Circle’s Layer-1 blockchain Arc will launch at mainnet with an opt-in post-quantum signature scheme protecting users’ wallets from day one, as the USDC issuer warns that Q-Day could arrive by 2030 or sooner.
Summary
Circle’s Layer-1 blockchain Arc will debut at mainnet with an opt-in post-quantum signature scheme, making it one of the first blockchains designed from the ground up to withstand quantum computing threats. The announcement accompanied a detailed security roadmap published to the Arc blog this week.
Arc has been live on public testnet since October 2025, with Circle’s USDC as the native gas currency. USDC carries a market cap of roughly $77.5 billion, second only to Tether among stablecoins, and is the asset at the center of Arc’s institutional positioning.
At mainnet, users will be able to choose a signing method that future quantum computers cannot break, according to the Arc roadmap. The approach is deliberately opt-in, meaning no forced migration, no network-wide reset, and no assumption that every wallet or software stack will need to adapt immediately.

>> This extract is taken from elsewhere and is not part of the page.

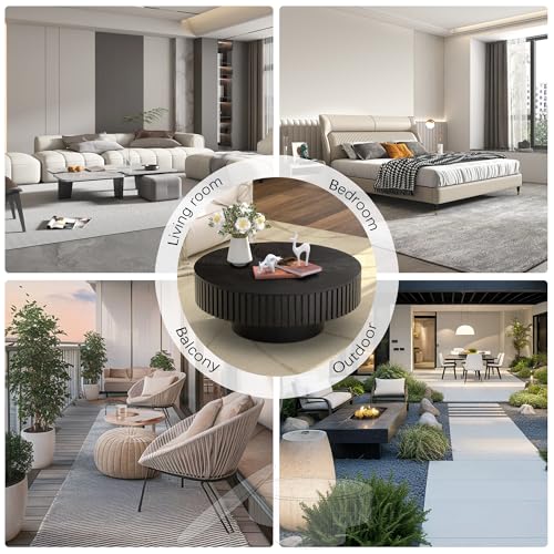 - Contemporary Coffee Table Design: Featuring a rustic-modern design, this wooden coffee table with intricately crafted edge grooves enhances the elegant appearance of your living area. With an 80CM diameter, this round coffee table integrates seamlessly into both compact and expansive living spaces. Its streamlined design ensures easy placement without dominating the area.

Circle framed this as a practical path for institutions to begin protecting assets now, without disrupting existing developer tooling.
“Quantum resilience cannot live only in research papers, exploratory pilots, or distant roadmap slides. It has to show up in the infrastructure,” Circle said in its announcement.
Arc’s sub-second block finality also limits the attack window. In a so-called short attack, a quantum computer would need to derive a private key during the brief period between when a public key is exposed during a transaction broadcast and when the transaction is finalized. At under one second per block, that window is narrow.
Circle’s post-quantum plan covers more than wallet-level protections. The near-term phase introduces quantum-resistant signatures at mainnet launch. The mid-term phase extends those protections to private balances, confidential payments, and recipient data, ensuring institutional financial activity stays shielded as quantum capabilities advance. The long-term phase targets validator authentication and off-chain infrastructure, including cloud servers, hardware security modules, and encrypted connections between nodes.
As crypto.news reported, Google recently moved its own post-quantum encryption deadline forward to 2029, citing faster hardware progress and improved error correction. Researchers from Google and the California Institute of Technology have warned that functional quantum computers capable of breaking existing cryptographic standards may arrive sooner than previous estimates suggested.
Circle pointed to two converging threats driving the urgency. The first is the eventual ability of quantum systems to forge transaction signatures directly. The second is already active: NIST has flagged “harvest now, decrypt later” tactics, where adversaries collect and store encrypted data today, intending to crack it once sufficient quantum capability exists.
“Long-term cryptographic durability is a baseline requirement that must be accounted for in infrastructure decisions being made today,” Circle said, directing its message explicitly at banks, fintechs, and enterprise platforms building on stablecoin infrastructure.